For instance in Delphi I have a class with a few attributes and a number of methods. I can recreate this in newLisp using contexts but in Delphi it is quite easy to create hundreds of these objects and assign each one to some sort of list. Afterwards I can iterate through the list with a simple index.



In newLisp though I have to name each context and so I can't see how I could do a similar thing.



Any help would be greatly appreciated.



Thanks,



Richard
#3
Anything else we might add? /
March 16, 2005, 01:59:41 PM
Excellent thanks for adding that, very useful.



Unfortunately having a separate installer pretty much inhibits me using newLisp in this particular commercial project. We take great pains to reduce the complexity of installation of our software and this would just add to it.



Thanks anyway,



Richard
#4
Anything else we might add? /
March 16, 2005, 12:39:54 PM
Hello again,



Thanks for the consideration of adding endian support, that will be a useful feature.



The license situation is unfortunate, it means I cannot use it for my project at work. Although it doesn't sound too bad having to run a separate installer it would be impractical for us, and add a layer of unnecessary complexity.



:-(



I presume you have chosen the GPL to inhibit inclusion into commercial products? If not perhaps you could consider a dual license with another open source license which would allow easier usage within a commercial project? (http://www.opensource.org/licenses/">http://www.opensource.org/licenses/).
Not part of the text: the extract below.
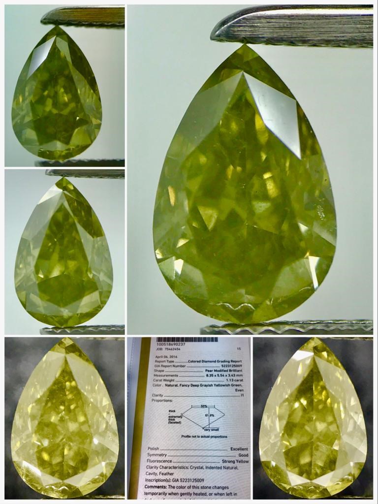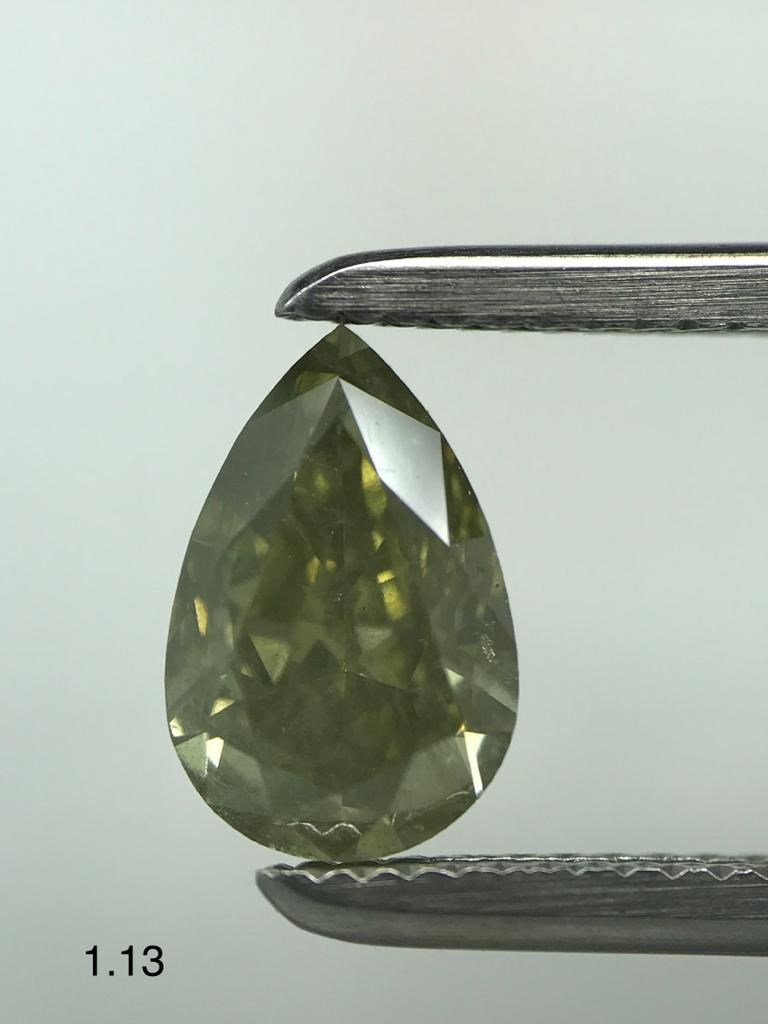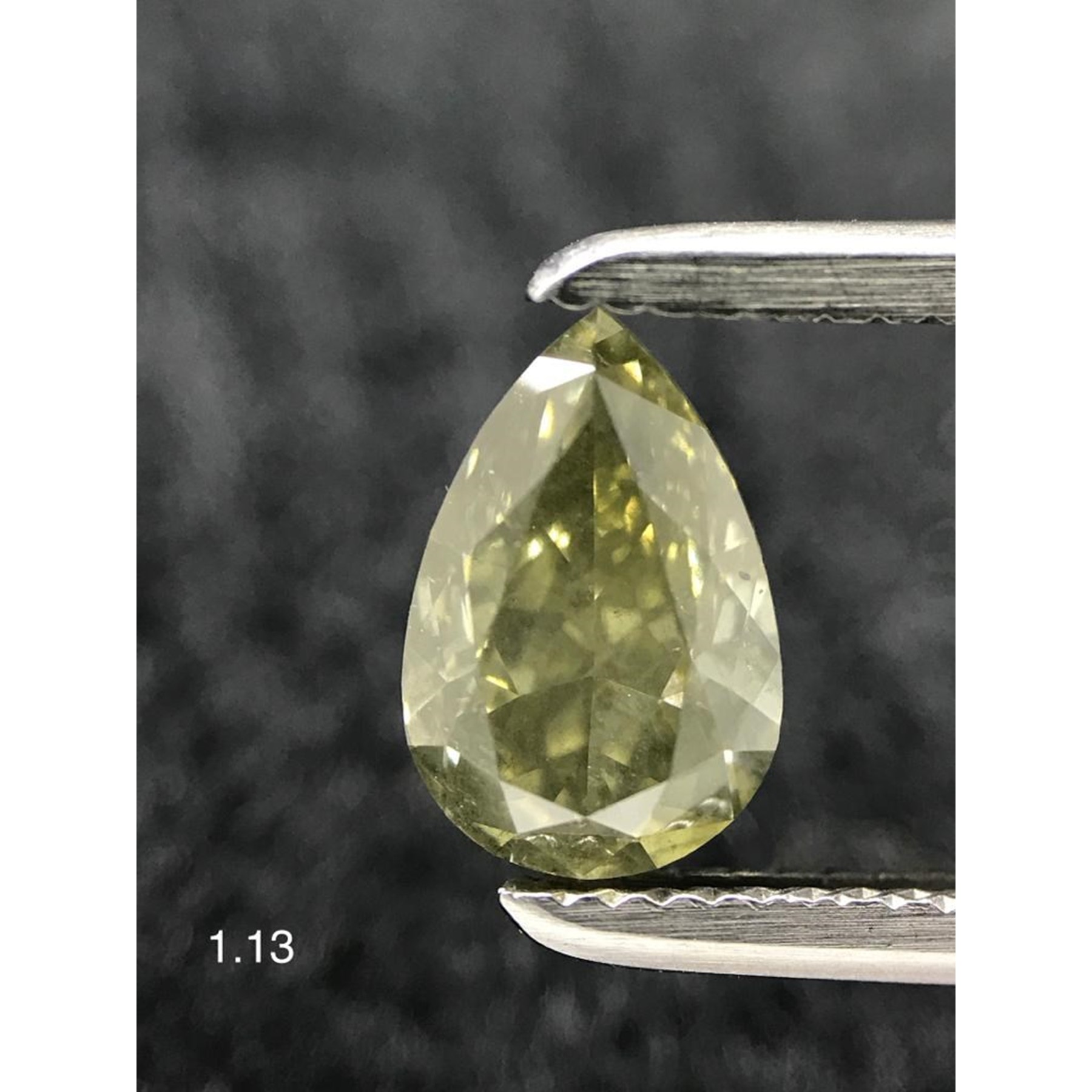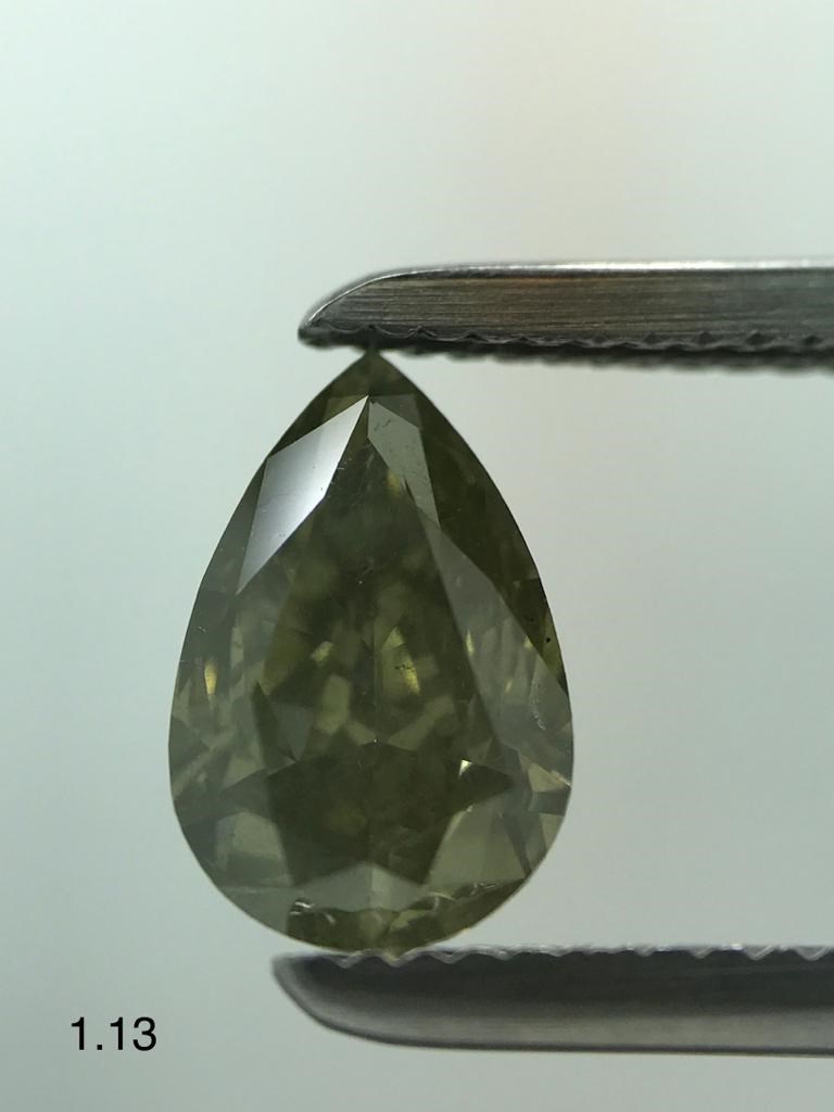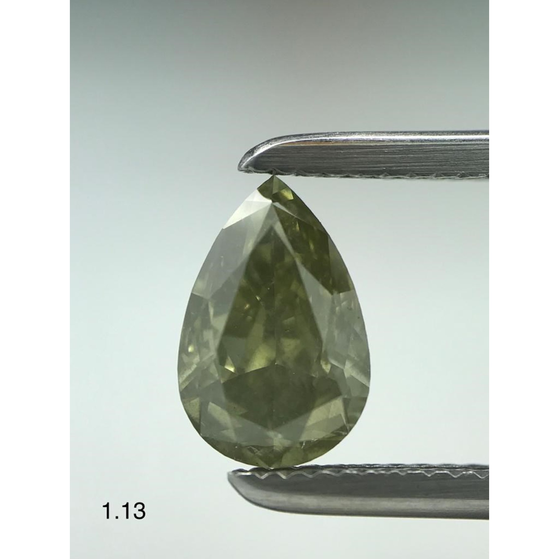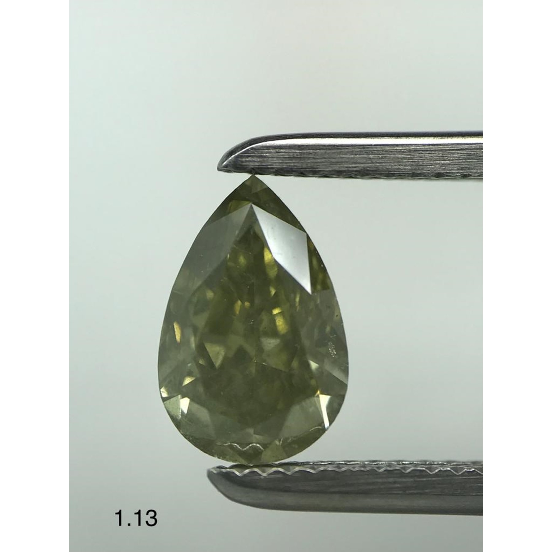 GIA- Chameleon : Fancy Deep Grayish Yellowish GREEN Pear Shape Diamond 1.13 Carat

Obviously I can understand your reasons for releasing under the GPL but for me personally I would have to choose a scripting language with a more liberal license - such as Python, Perl, TCL, etc.



Thanks,



Richard
#5
Anything else we might add? /
March 16, 2005, 09:13:12 AM
Hello,



Many thanks for your reply and the warm welcome!


Quotefirst be aware that the "f" format is for packing/unpacking 12bit floats so you code would have to be:


Yes, sorry the reading 2 bytes was a typo, I presume you meant 16bit floats?


Quotethe endian issue will be automatically resolved when you stay on the same platform. So a number packed/written on little-endian will come out fine when read back on little-endian, and the same is true for writing/reading on big-endian OS.


The problem is the file is always created on a PC, but may be read back on OS X which is obviously big-endian. So I have a requirement to read a little-endian file on a big-endian platform.



I'm more familiar with Python and that has a struct module where you can append an optional formatting character but otherwise works similiarly to unpack. So you have = for native, < for little-endian, and > for big-endian. I guess I'm looking for something similar. I was hoping to create a single function which could do all this for me in a simple manner, for instance:



(myread dat "< s13 f f d d")



Where dat would be an open file handle, and the string would be the unpack format. I guess I need to look at parsing the string and work from there.



Thanks for the pack / unpack, alignment tips I shall keep those in mind.



Also a quick license question. I am interested in newLisp also as a dll to add scripting to a commercial application. From my understanding of the GPL as long as I don't link the code into my application that would be ok? Is my understanding correct? What would happen if I used newLisp's link.lsp to embed one of my scripts within the dll would I still be ok?



Many thanks again,



Richard
#6
Anything else we might add? / endian tricks?
March 16, 2005, 07:49:10 AM
Hello,



I'm just learning newLisp (very impressed so far) and I'm new to lisp style languages.



I want to read in a binary file but deal with it both on Windows and OS X and of course there is an endian issue.



I'm reading it in something like:



(read-buffer dat 'example 2)

(first(unpack "f" example))



of course I can just do:



(first(unpack "f" (reverse example))



which works fine.



Ideally though I would like to be able to write a function which deals with all this issue and which I can pass an unpack style string and get back a list. i.e. something like:



(my-read dat "s13fdff")



So that would give me a list containing a 13 character string, a float, an integer and two more floats plus it would swap the bytes round if required on certain platforms.



Anyone any suggestions how I go about writing that?